Timeline of the CSRD

In addition, the CSRD outlines the sustainability data that companies must incorporate into their sustainability reports. This entails furnishing both qualitative and quantitative information, surrounding forward-looking and retrospective perspectives, and spanning short-, medium-, and long-term outlooks. Companies are tasked with disclosing environmental and social risk factors to aid stakeholders such as investors, policymakers, and consumers in assessing their performance. Compliance with these new provisions necessitates a deeper understanding beyond mere regulatory adherence. It urges companies to reevaluate their strategies, governance, operations, and data management practices. Specifically, companies within the scope must:

  • Formulate decarbonization strategies and transition plans, conduct scenario analyses, and calculate their carbon footprint.
  • Ensure alignment between reporting and corporate strategy, ensuring that targets are both credible and effectively communicated to external audiences.
  • Enhance risk management processes and governance structures.
  • Establish due diligence mechanisms to identify and mitigate risks within their supply chains.

The Corporate Sustainability Reporting Directive represents a pivotal advancement in corporate transparency and accountability regarding sustainability.
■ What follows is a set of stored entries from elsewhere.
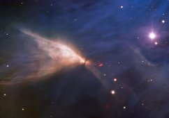 «Хаббл» сфокусировался на темном пыльном «сердце» туманности, где находится звездное скопление, в основном скрытое от глаз. Рядом расположена яркая звезда Альнитак. Хотя она не попала в кадр, именно лучи этой тройной звезды ионизируют водород в туманности.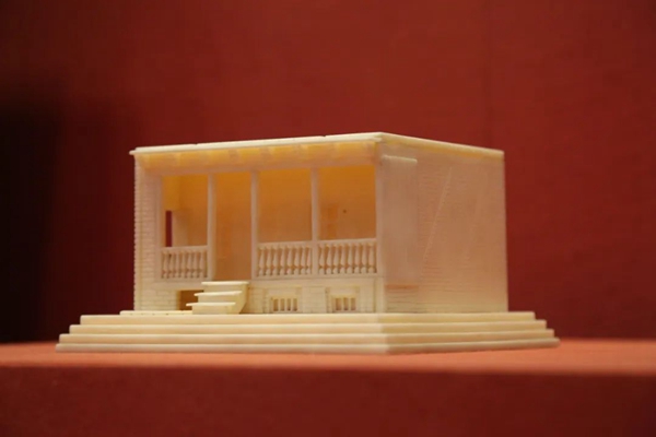 1949年12月至1950年2月,毛泽东同志访问苏联,这是新中国领导人首次出国访问,两国正式签订《中苏友好同盟互助条约》,它将中苏友好关系用条约的形式固定了下来,这对于巩固新生的人民政权,迅速恢复经济和展开大规模经济建设,都起到了重要作用。这是苏联人民赠送给毛泽东同志的仿牙雕斯大林故居模型。
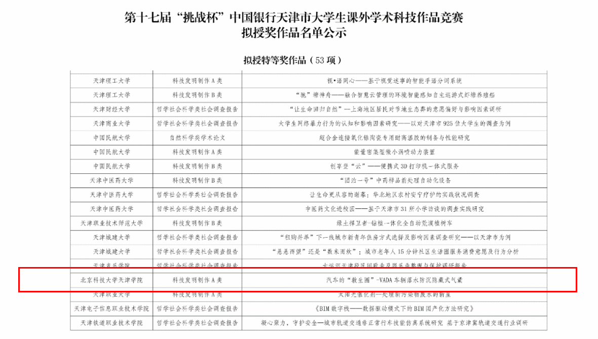 喜报!1个特等2个二等6个三等,我校在天津市挑战杯荣获历史最佳奖项!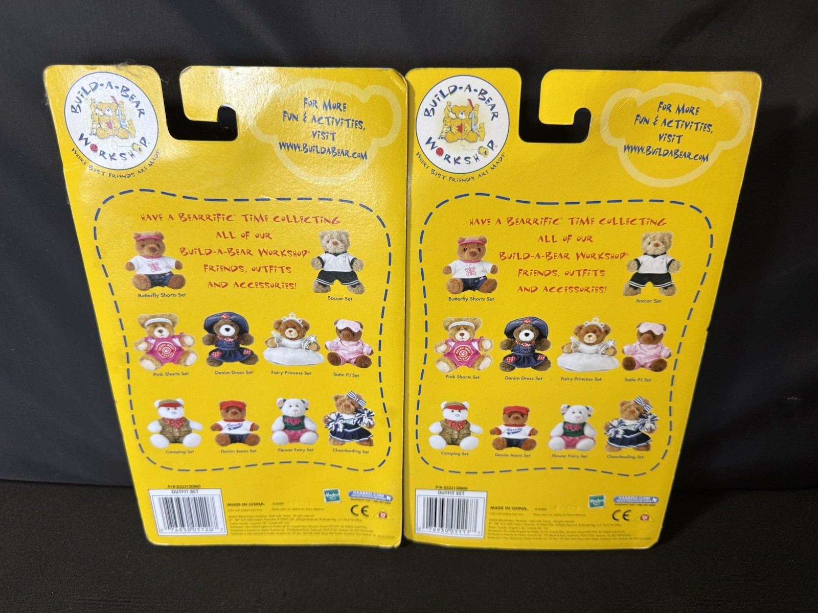 The product is a set of two vintage 2004 Build-A-Bear Workshop outfits, one in a cheerleader theme and the other a denim / gingham dres set. The clothing is designed for bears and is part of the Build-A-Bear franchise. These original outfits come sealed and are suitable for all occasions, perfect for dress-up play or special events like holidays or birthdays. Made in the 2000s, these outfits are a nostalgic addition to any teddy bear's wardrobe.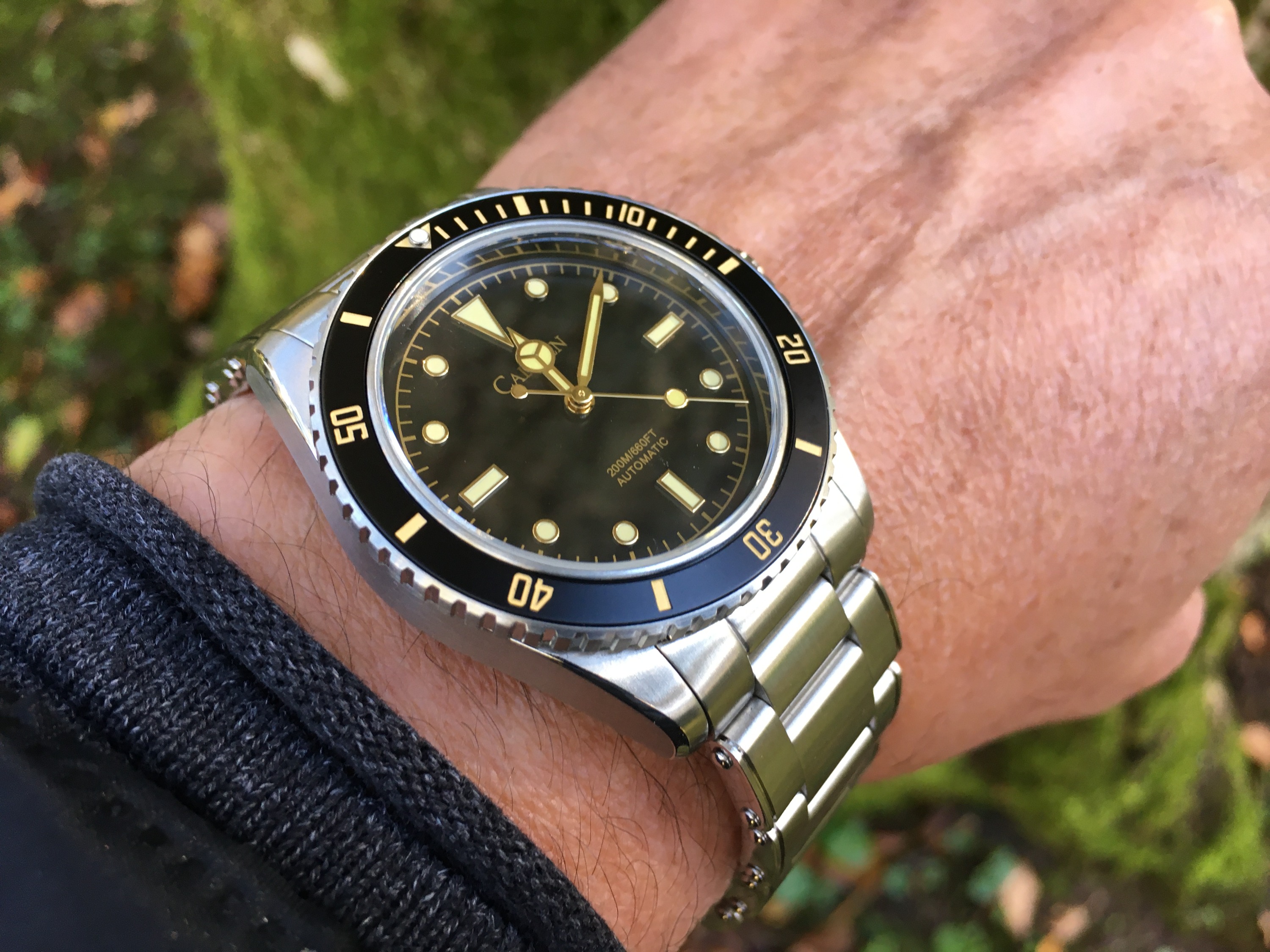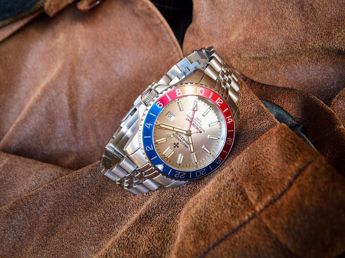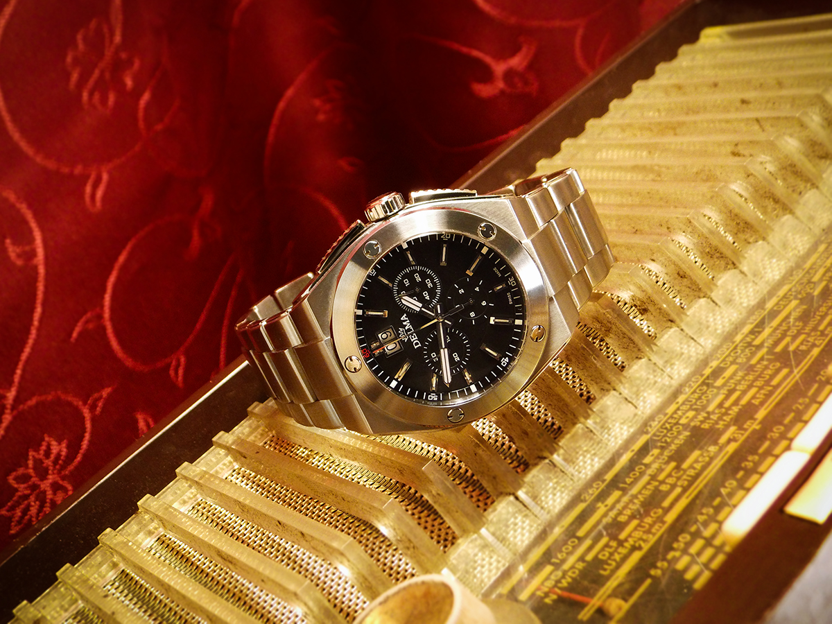 Klopper kann ich auch! Hier ein Kuriosum: Mischung aus 43mm Case ähnlich RLX Deep Sea, Batman-Lünetten Inlay (gab es nie bei der Deep Sea) und GMT-Werk
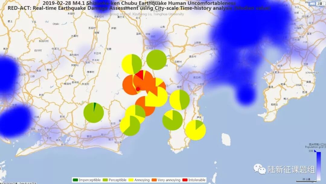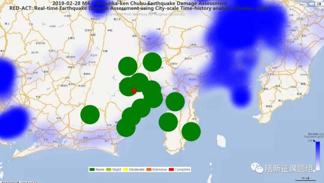 Using the real-time ground motions obtained from the strong motion networks and the city-scale nonlinear time-history analysis (see the Appendix of this report), the damage ratios of buildings located in different places can be obtained. The building damage distribution and the human uncomfortableness distribution near to different stations is shown in Figure 2 and Figure 3, respectively. These outcomes can provide a reference for post-earthquake rescue work.

By mandating standardized reporting on environmental, social, and governance (ESG) factors, the CSRD equips investors, stakeholders, and consumers with consistent and comparable information to inform decision-making. Emphasizing digitalization, it encourages efficient data dissemination and stakeholder engagement. Ultimately, the CSRD opens a new era where businesses prioritize transparency, accountability, and long-term value creation, fostering a more sustainable and responsible corporate landscape for the future.